If the same value are in different places, ask whether they’re the same purpose, before DRY?

tip

Don’t apply DRY to everywhere and at any times.

Some developers will try their best to remove duplication in code.
There is a proverb in Golang, A little copying is better than a little dependency.
There are also WET, AHA…

Managing Source Code with Git

note

There are a lot of Versicion Control System (VSC): CSV, SVN, Mercurial, Git…

See https://en.wikipedia.org/wiki/Version_control#Version_control_software

note

VCS is aka is Source Code Management (SCM) system

Git is the most popular SCM for now (with the raising of open-source software and GitHub)

Git - a distributed version control system (DVCS)

Git is a distributed VCS:

clients don’t just check out the latest snapshot of the files; rather, they fully mirror the repository, including its full history.
every clone is really a full backup of all the data.

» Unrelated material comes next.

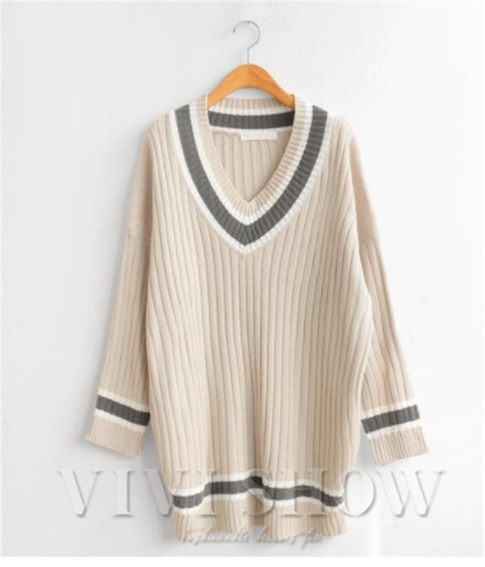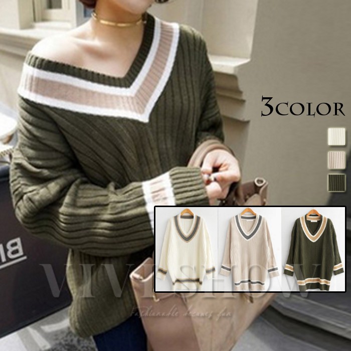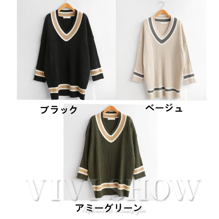ニットトップス レディース 深Vネック ニットソーワンピース 長袖セーター ボーダー ニットトップス 韓国風 ゆったり 着痩せ カジュアル オシャレ 3色■素材:綿/ポリエステル■カラー:ブラック べージュ アミーグリーン■サイズ:フリーサイズ 着丈:75 バスト:120■原産地:中国商品は取り寄せのため、納期は約7-10日前後、お急ぎの方はご了承ください。※交通状況により上記予定日より到着が遅れる場合があります。

The distributed nature of Git allow a vast ranges of workflow for your project and your team:

Centralize workflow: one repository can accept code, everyone synchronizes their work with it e.g. Most closed source software use this workflow
Integration-Manager workflow:
- each developer (contributor)
  - has write access to their own public repository & read access to everyone else’s.
  - send a request to the maintainer of the main repository
- the maintainer - adds the contributor’s repository as a remote & merge locally - pushed merged changes to the main repository e.g. GitHub’s fork (feature) & open-source software
Dictator and Lieutenant workflow:
- contributor
  - works on their topic branch
  - rebase on top of master
- lieutenant: merges contributor’s topic branch into lieutenant’s master branch
- dictator: - merges lieutenant’s master branch into dictator’s master branch - push dictator’s master branch to master remote repository e.g. Big project: Linux

Git on the server

To collaborate in Git, you’ll need a remote Git repository, which everyone can

have access to
push to, pull from

warning

Technically, you can push/pull changes directly to a repository on another Git client.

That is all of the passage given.